The first article discusses the details on consumption of sugar-sweetened beverages among adults. By doing surveys the study demonstrated the relationship of knowledge on the nutritional facts of the consumers. Sugar-sweetened drinks are often on the lower end of the pricing scale and often consumed the most. The users who were able to provide sufficent information on their daily caloric intake tended to be on the low end of consuming these  sugar-sweetneded beverages.

The second article on message testing detailed how the design of a website can affect different customers online habits. The behavioral difference between Canadian and Chinese students were studied. What works for one culture may not work for others as displayed in the users behaviors and interactions on various sites tested.
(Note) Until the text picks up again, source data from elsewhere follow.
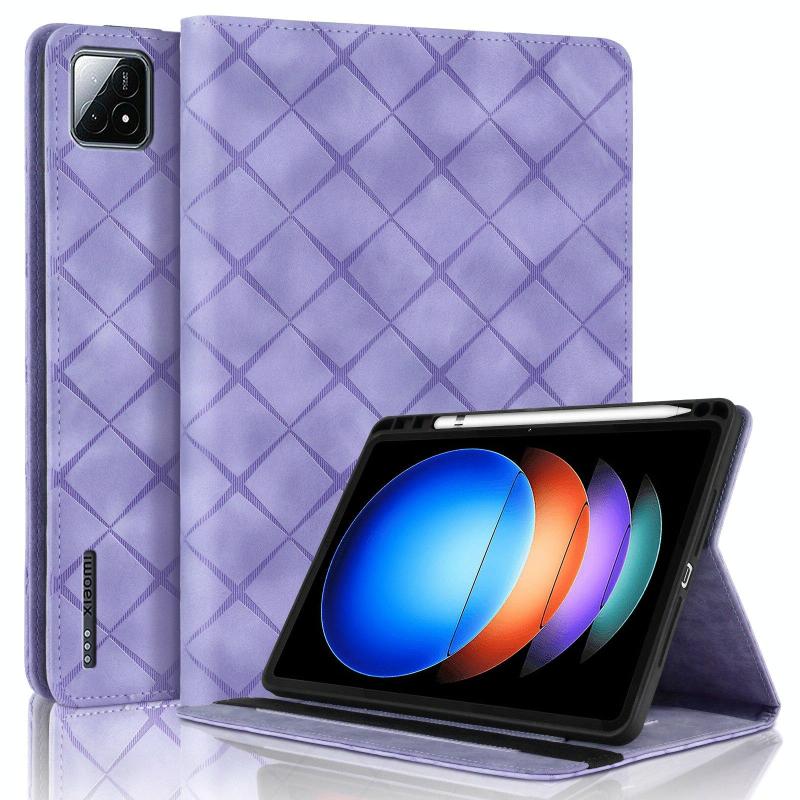 For Xiaomi Pad 6S Pro 12.4 Rhombus Embossing Leather Tablet Case(Purple)
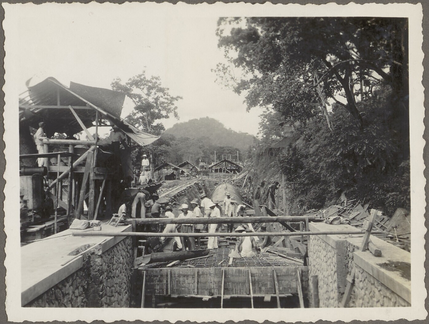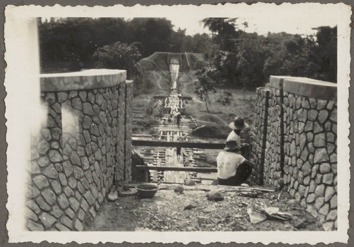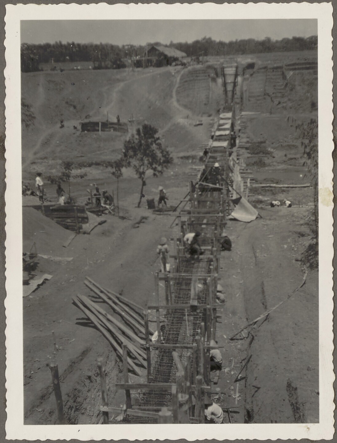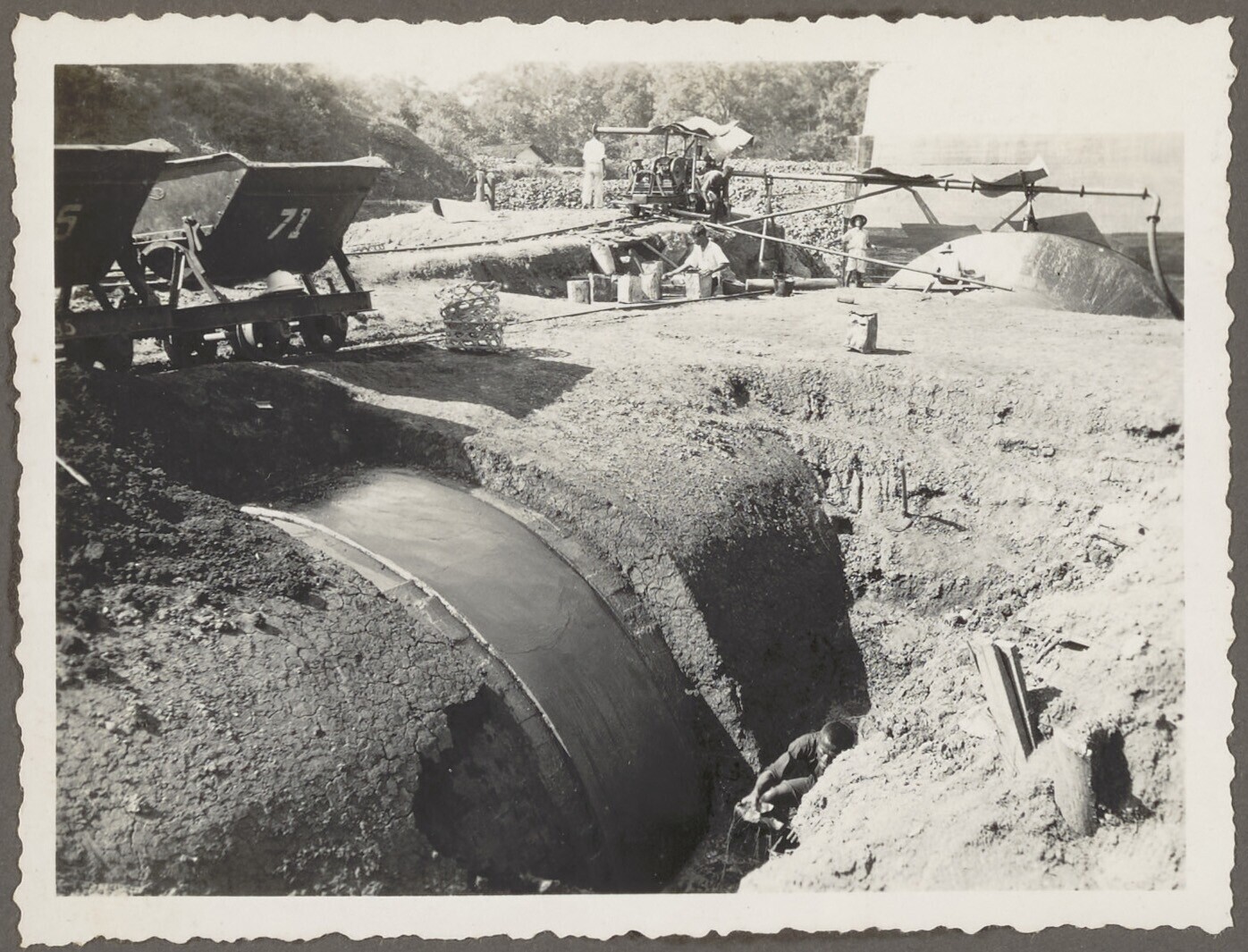 Bouw van een buis met woelbak door Javaanse arbeiders
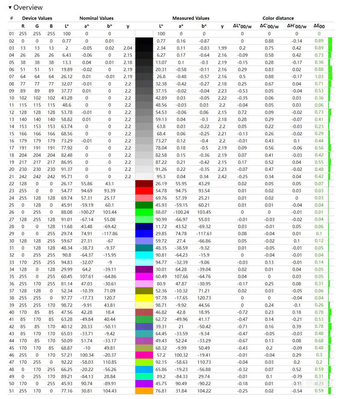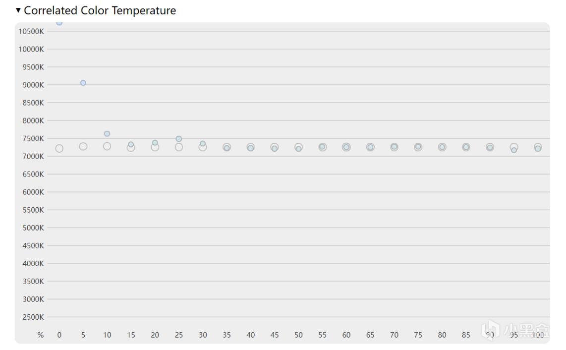 色温表现也相当平均,10%以上亮度基本上没有太大的色温偏差:
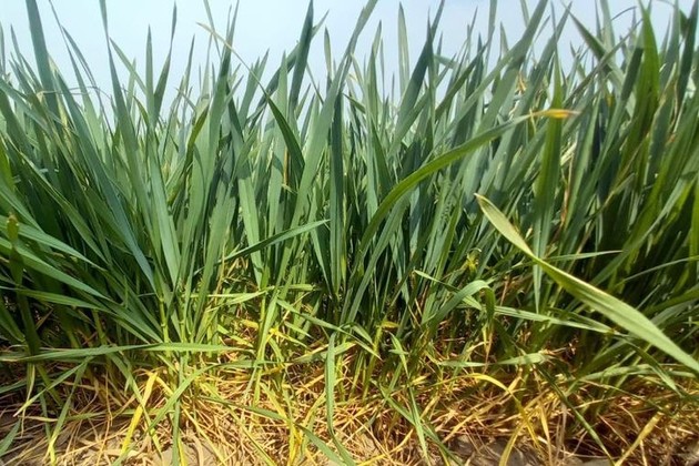 Lote con trigo; síntomas de déficit hídrico, en el noroeste del departamento Castellanos. Foto: SEA
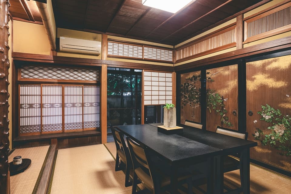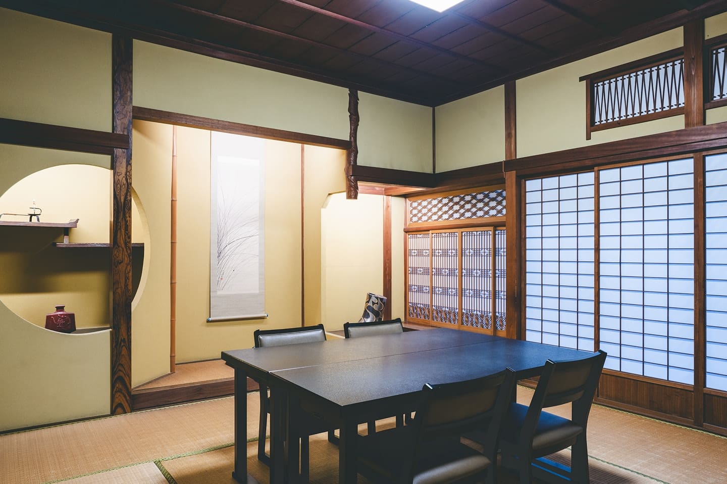 山常楼の建物は、昭和9年(1934年頃)に建てられた、歴史ある料亭建築です。一部には大正時代の趣も残しつつ、当時の若き池田大工が随所に意匠を凝らし、贅を凝らして生まれ変わらせた書院造りの粋が光ります。

With these comparison presented to me I found it quite interesting to see how messages are perceived based on the design.



What are some of the best practices that you plan on implementing in your future designs?

Have you ever taken cultural experiences into considerations when designing a site?


7 thoughts on “Week 13: Message Testing

  1. For best practices, it’s hard to say exactly, because I think it could depend on the target audience, the type of campaign, the size of the audience, etc. But overall, I think the points Kelly brought up in her presentation about choosing the topics that are generally accepted (for example, happiness), would be excellent places to start. If a campaign then falls outside one of those topics into a realm that could be controversial, message testing would be really important.

    I haven’t really thought about those big differences in cultures up to this point, but as I grow in this field, I will most definitely take that into consideration.


  2. In the future, I plan on definitely being more in tune to culture. I try to do research on subjects before making a site so expanding this to be more culturally in tuned sounds like something I should do. Also, taking more time to wireframe and prepare before actually starting a site is something I plan on making a priority.

    And when building sites before I have thought about culture but not really designed specifically with that in mind. It’s definitely something I’m going to start doing though.


  3. In the future, I definitely plan to test the messages with people outside of ‘the bubble’ of people I am working on a project with.

    There are definitely cultural issues that need to be kept in mind when working on a site and the different messages that will be displayed on it. For example, in Miami, there are a lot of different Latin cultures that are here from all over Central, South America + the Caribbean. If you wanted to post a message in Spanish, you would have to ensure that it made sense to all of those different backgrounds, because one word in one country might have a completely different connotation in another. Considering that Miami is a LatAm hub, I would definitely have to be mindful of that on future projects.


    • Hi Tina,
      I can imagine the confusion sometimes. I see a lot of digital agencies now based out of Miami representing big national brands and creating a lot of campaigns geared to Latin America.


  4. I think having appropriate content designed for the different markets is essential. There are many ways to phrase the same message and knowing which content to show is a good place to start. This method is inconvenient since content isn’t the easiest thing to make. Aside from that, I think that keeping in mind that others will see your content differently will help with the overall design.
    I have not had to take cultural experiences into consideration yet, but it is a thing to think about.